* [Stored data]:
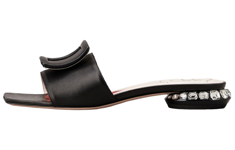 Драгоценные архивы дизайнера также вдохновили на создание Strass Heel – изящной модели на низком каблуке с округлой пяткой и сверкающими стразами. Эти мюли Strass Heel с пряжкой на каблуке, обтянутом кожей, изготовлены вручную из мягкой кожи наппа и украшены новым фирменным логотипом бренда и элегантной пряжкой в форме бочки. Стелька украшена фирменным мягким сердечком.
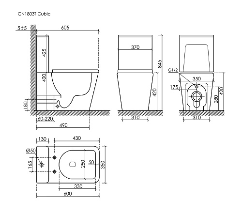 Ceramica Nova CUBIC CN1803T-B Чаша напольного унитаза
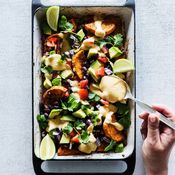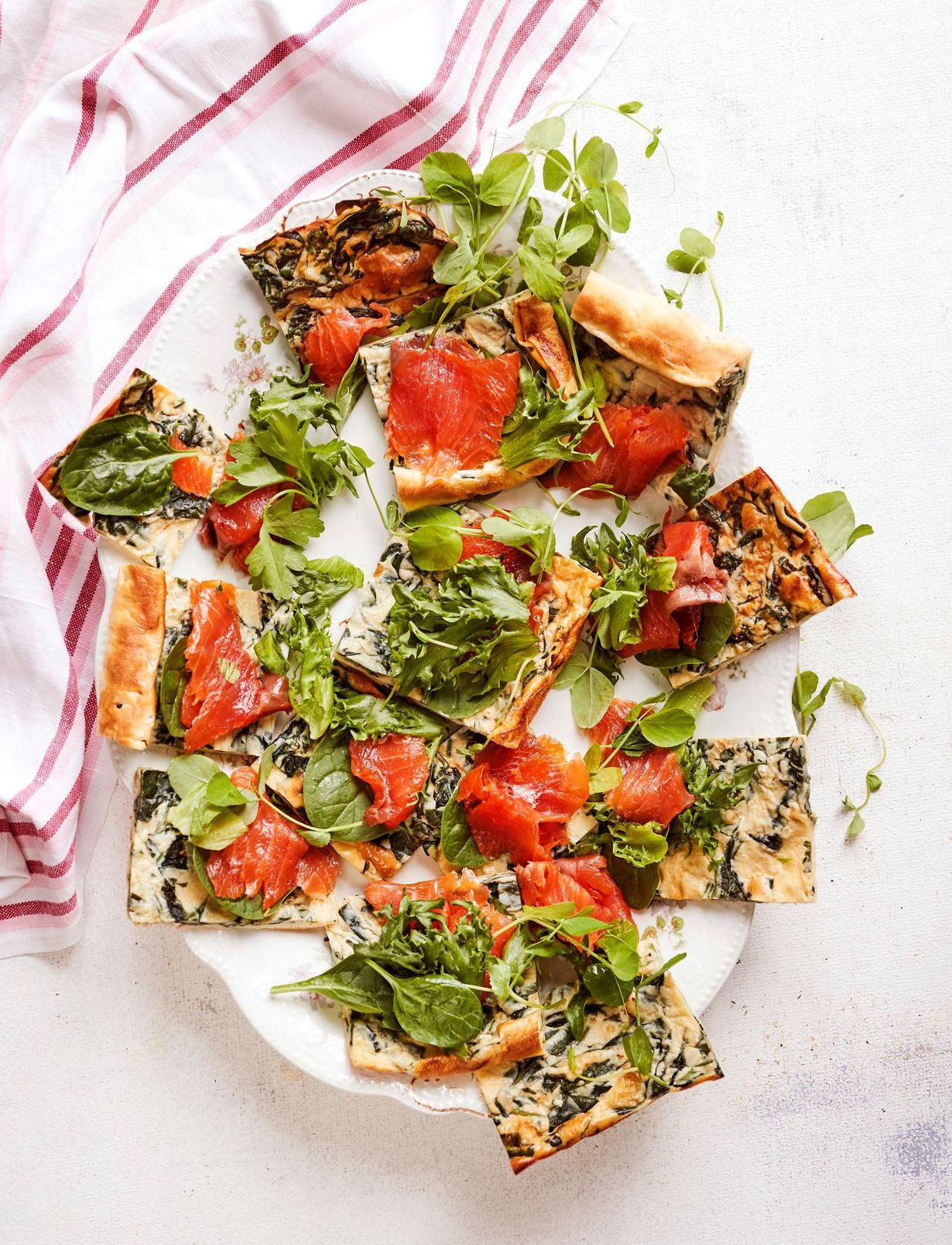 Kylmäsavulohella ja raikkailla vihreillä peitelty pellillinen pannaria on vaivaton lounas isollekin juhlaporukalle.

* [To do]:
None of the pictures should be reproduced; all other material above must be set down exactly.

* [Answer to the problem]:
 Драгоценные архивы дизайнера также вдохновили на создание Strass Heel – изящной модели на низком каблуке с округлой пяткой и сверкающими стразами. Эти мюли Strass Heel с пряжкой на каблуке, обтянутом кожей, изготовлены вручную из мягкой кожи наппа и украшены новым фирменным логотипом бренда и элегантной пряжкой в форме бочки. Стелька украшена фирменным мягким сердечком.
 Ceramica Nova CUBIC CN1803T-B Чаша напольного унитаза
 Kylmäsavulohella ja raikkailla vihreillä peitelty pellillinen pannaria on vaivaton lounas isollekin juhlaporukalle.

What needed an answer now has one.